Possible Mechanism of Action
As a couple of people in the original post have noted, the MOA might be linked to a neurosteroid effect, particularly an increase in allopregnanolone is responsible for improving GABA sensetivity, therefore this might be a reson why some effects similar to Phenibut.The following articles might give a hint in regards of the MOA and related compounds.

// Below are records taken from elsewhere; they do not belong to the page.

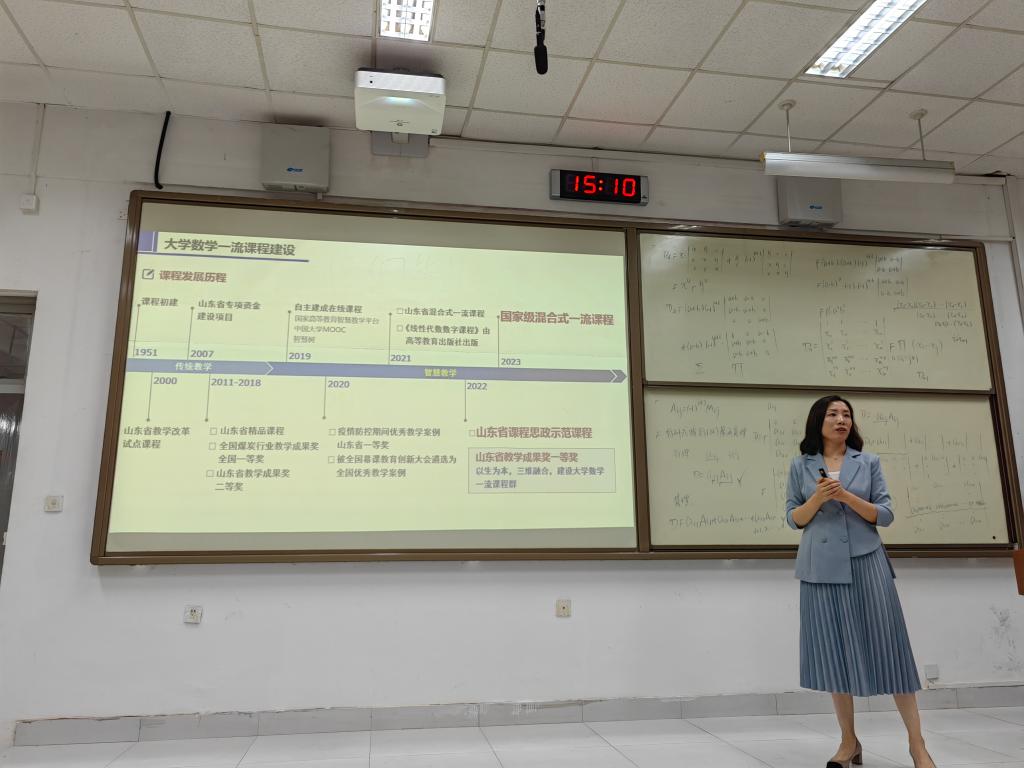 刘洪霞教授从国家级一流本科课程《线性代数》入题,针对数学知识与专业应用脱节提出混合式教学重构教学内容推动共性教育与个性学习融合、文理学科交叉素养融通,以数学文化为切入口实现全链路育人;结合山东省课程思政示范课程《高等数学》,聚焦思政课程与课程思政“在同向同行中推进‘课程思政’建设”要求,破解内容抽象导致思政融入困难等问题;在报告最后,刘洪霞教授就全国高校教师教学创新大赛的宗旨目标、评分标准、参赛作品进行了介绍,并分享了参赛经验和注意事项。
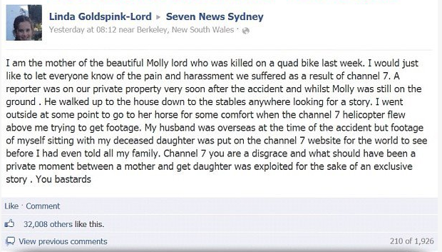 “我的母亲美丽莫莉领主四轮摩托车上周被杀。我想让每个人都知道我们遭受的痛苦和骚扰通道7的结果。记者在事故发生后很快我们的私有财产,而莫莉仍在地上。他走到马厩的房子在任何地方寻找一个故事。我走到外面去她的马一些安慰当上面的频道7架直升机飞我想让画面。我丈夫当时海外的事故,但自己坐着的镜头我已故的女儿是7频道网站上,让全世界都可以看到之前我甚至告诉我所有的家人。频道7你是一个耻辱,什么应该是一个私人的时刻一个母亲和得到(原文如此)的女儿之间利用为了独占的故事。你混蛋。”
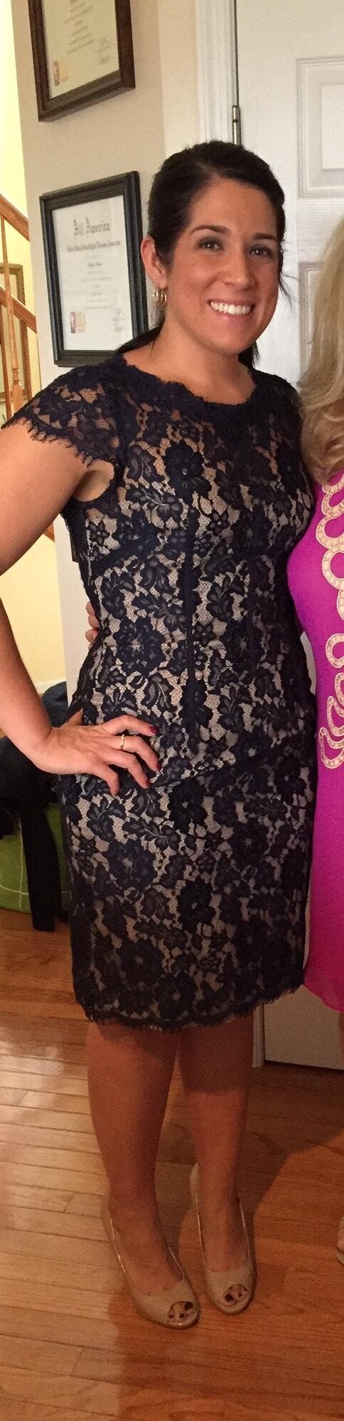 This dress is just one more fantastic RTR experience. I got the 12 and 14 because I was worried about the fit and there not being any stretch. I was pleasantly surprised. The 12 fit amazing with some room to spare. I also ended up wearing a NuBra and that worked out well. The hooks in the back are a little tricky so I an extra hand is nice to have. I kept getting compliments all night-even from the bride! The lace wasn't itchy either. A perfect fit! Don't miss out on this dress.
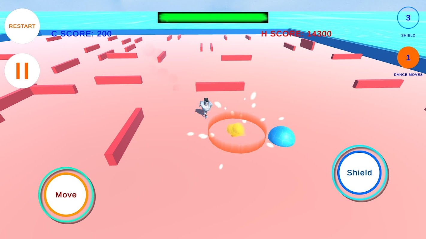 DanceFloor Race هي لعبة متاهة حيث يتعين على اللاعب تجنب التعرض للضرب بواسطة القضبان المنزلقة أثناء محاولته جمع حركات الرقص من الشخصيات الراقصة على الأرض. الحماية الوحيدة للاعب من القضبان المنزلقة هي الدروع التي يمكن للاعب جمعها عن طريق الاصطدام بالكرات الزرقاء الموضوعة بشكل عشوائي أو باستخدام الدروع الافتراضية الثلاثة التي يمتلكها من خلال زر الدرع. عند تفعيل الدرع، يمكن اللاعب من تجميع النقاط عندما يتم تدمير الشريط بواسطة الدرع. يقوم اللاعب أيضًا بتجميع النقاط عندما يجمع حركات الرقص من الشخصيات الراقصة. يتم بعد ذلك إضافة النقاط إلى اللاعب عندما يدخل إلى حلبة الرقص المحددة، حيث يتم ضرب عدد حركات الرقص التي تم جمعها بعدد النقاط المتراكمة.
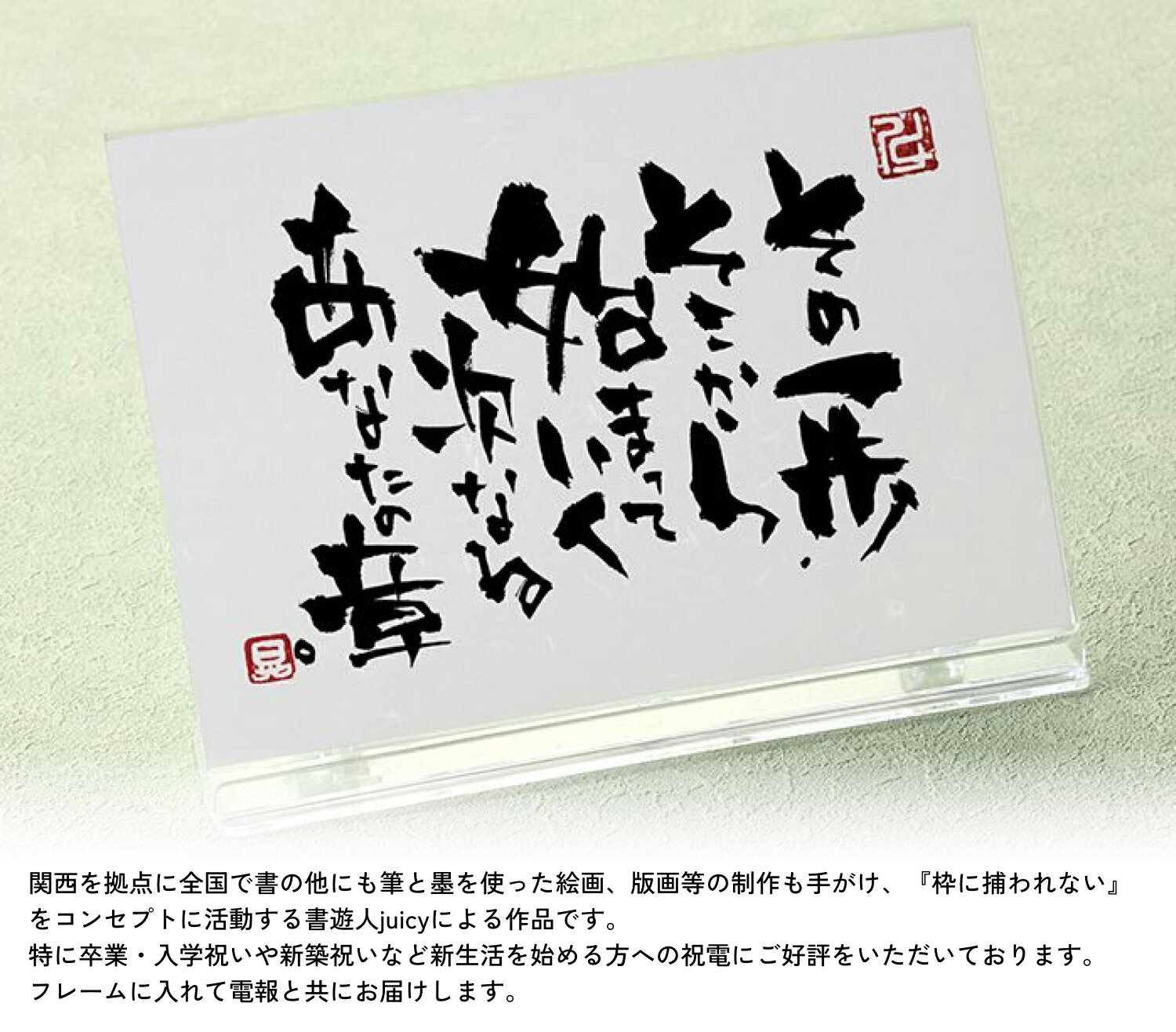 For-Denpoの特徴 For-Denpoは総務省認可の電報サービスです。 沖縄・離島を含む全国に祝電・弔電を即日配送いたします。 文字料金がかからず最大350文字まで(※カードタイプは154文字)入力できるのでご自身の言葉で思いを届けることができます。 結婚式へのお祝い電報や、就任・昇進祝い、誕生日祝いなど様々なシーンに合ったおしゃれで上質な電報を数多く取り揃えております。 また、突然のご訃報に際し、ご葬儀への弔電も承っております。 地域によっては当日中や翌日午前に配送できますので、お気軽にお問い合わせくださいませ。関西を拠点に全国で書の他にも筆と墨を使った絵画、版画等の制作も手がけ、『枠に捕われない』をコンセプトに活動する書遊人juicyによる作品です。 贈るお相手に想いがしっかりと伝わる力強い書のメッセージです。フレームに入れて、電報と共にお届けします。 ご友人やご家族、仕事関係の方まで幅広くお送りいただける祝電です。
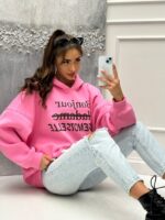 Ta stylowa bluza z kapturem łączy w sobie casualowy komfort z eleganckim akcentem. Wykonana z wysokiej jakości bawełny, zapewnia miękkość i wygodę noszenia przez cały dzień. Na przodzie znajduje się efektowny napis „Bonjour Madame Mademoiselle”, który nadaje jej wyjątkowego charakteru i nuty francuskiego stylu. Kaptur z regulacją sprawia, że bluza jest praktyczna, a ściągacze przy mankietach i u dołu dodają jej sportowego wyglądu. Dostępna w kilku kolorach, idealnie sprawdzi się zarówno na co dzień, jak i w luźniejszych stylizacjach. Połącz ją z jeansami lub spódnicą, aby stworzyć modny, casualowy outfit.

PubMed: Selective brain steroidogenic stimulants (SBSSs)
- Main clue
SSRIs act as selective brain steroidogenic stimulants (SBSSs) at low doses that are inactive on 5-HT reuptake
Brain principal glutamatergic neurons synthesize AlloP, a neurosteroid that potently, positively, and allosterically modulates GABA action at GABAA receptors. Cerebrospinal fluid (CSF) Allo levels are decreased in patients with posttraumatic stress disorder (PTSD) and major depression. This decrease is corrected by fluoxetine in doses that improve depressive symptoms. Depression-like behavioral dysfunctions (aggression, fear, and anxiety) associated with a decrease of corticolimbic AlloP content can be induced in mice by social isolation. In socially isolated mice, fluoxetine and analogs stereospecifically normalize the decrease of Allo biosynthesis and improve behavioral dysfunctions by a mechanism independent from 5-HT reuptake inhibition. Thus, fluoxetine and related congeners facilitate GABAA receptor neurotransmission and effectively ameliorate emotional and anxiety disorders and depression by acting as selective brain steroidogenic stimulants (SBSSs).
- Another compound
Etifoxine stimulates the biosynthesis of endogenous neurosteroids, for example: allopregnanolone, a nanomolar potentiator of GABA activity.
These neurosteroids exert inhibitory actions on neurotransmission. They act as positive allosteric modulators of the GABAA receptor (especially δ subunit-containing isoforms), and possess, in no particular order, antidepressant, anxiolytic, stress-reducing, rewarding, prosocial, antiaggressive, prosexual, sedative, pro-sleep, cognitive and memory-impairing, analgesic, anesthetic, anticonvulsant, neuroprotective, and neurogenic effects.
Certain antidepressant drugs such as fluoxetine and fluvoxamine, which are generally thought to affect depression by acting as selective serotonin reuptake inhibitors (SSRIs), have also been found to normalize the levels of certain neurosteroids (which are frequently deficient in depressed patients) at doses that are inactive in affecting the reuptake of serotonin. This suggests that other actions involving neurosteroids may also be at play in the effectiveness of these drugs against depression.
PubMed: AlloP increase in DA response
- Might explain alleviating anhedonia
The neurosteroid allopregnanolone increases dopamine release and dopaminergic response to morphine in the rat nucleus accumbens
AlloP dose-dependently increased the release of DA in the nucleus accumbens. Furthermore, this hormone doubled the DA response to morphine. These effects were observed for AlloP doses of 50 and 100 pmol injected intracerebroventricularly. These results suggest that the stimulatory effect of AlloP on DA could mediate some of the behavioural effects of neurosteroids and, in particular, the interaction of these hormones with mood and motivation.